7. The FPGA-based dynamic light scattering particle diameter inversion method according to claim 6, characterized by, After obtaining a set of normalized autocorrelation function values in step S303, the method further includes: Discard normalized correlation function values less than 0.
1.
8. A dynamic light scattering particle size inversion system based on FPGA, characterized in that, include: Autocorrelation function generation unit: used to calculate the autocorrelation function based on the scattered light signal within a detection time period, and obtain multiple sets of scattered light autocorrelation functions, wherein the autocorrelation function includes multiple time-ordered autocorrelation function values; Mean processing unit: used to calculate the mean of the multiple sets of scattered light autocorrelation functions to obtain the mean autocorrelation function; Normalization unit: used to normalize the mean autocorrelation function based on the autocorrelation function value of the mean autocorrelation function to obtain a normalized autocorrelation function; Quadratic matrix construction unit: used to calculate a quadratic matrix constructed with correlation time based on the abscissa of the normalized autocorrelation function; Diffusion coefficient solving unit: used to construct a matrix based on the logarithmized normalized autocorrelation function value and solve the corresponding diffusion coefficient in combination with the quadratic matrix; Scattering particle size inversion unit: used to invert and solve for the corresponding scattering particle size based on the diffusion coefficient and the corresponding environmental parameters of the scattered light signal using the Einstein-Stokes formula.
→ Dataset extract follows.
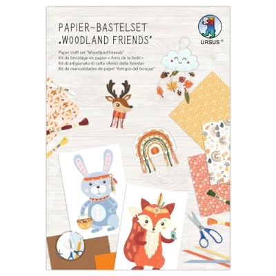 Ursus 8080002F Woodland Friends Paper Craft Set, Set of Photo Cardboard, Braiding Sheets, Punching Parts, Strips and Embroidery Thread, Includes Step by Instructions (English Language

9. The FPGA-based dynamic light scattering particle size inversion system according to claim 8, characterized in that, The quadratic matrix construction unit also includes: The quadratic matrix orthogonal projection calculation subunit is used to calculate the first projection vector, second projection vector, and third projection vector of the corresponding orthogonal matrix based on the column vector relationship of the quadratic matrix. Orthogonal matrix solving sub-unit: Construct an orthogonal matrix of the quadratic matrix based on the first projection vector, the second projection vector, the third projection vector and the quadratic matrix, and calculate the upper triangular matrix.
10. The FPGA-based dynamic light scattering particle size inversion system according to claim 9, characterized in that, The normalization unit includes: Baseline value calculation subunit: used to accumulate and average the last 20% of the autocorrelation function values of the mean autocorrelation function to obtain the baseline value; Autocorrelation function value alignment sub-unit: used to sequentially divide the autocorrelation function value of each mean autocorrelation function by the baseline value and then subtract 1 to obtain a set of intermediate feature values; Autocorrelation function value normalization subunit: used to perform division operation on each data in the intermediate feature value group with the first data of the intermediate feature value group as the divisor, to obtain a set of normalized autocorrelation function values; Logarithmic inversion subunit: used to obtain the corresponding value by taking the logarithm of the normalized autocorrelation function value, and then inverting to obtain the corresponding normalized autocorrelation function.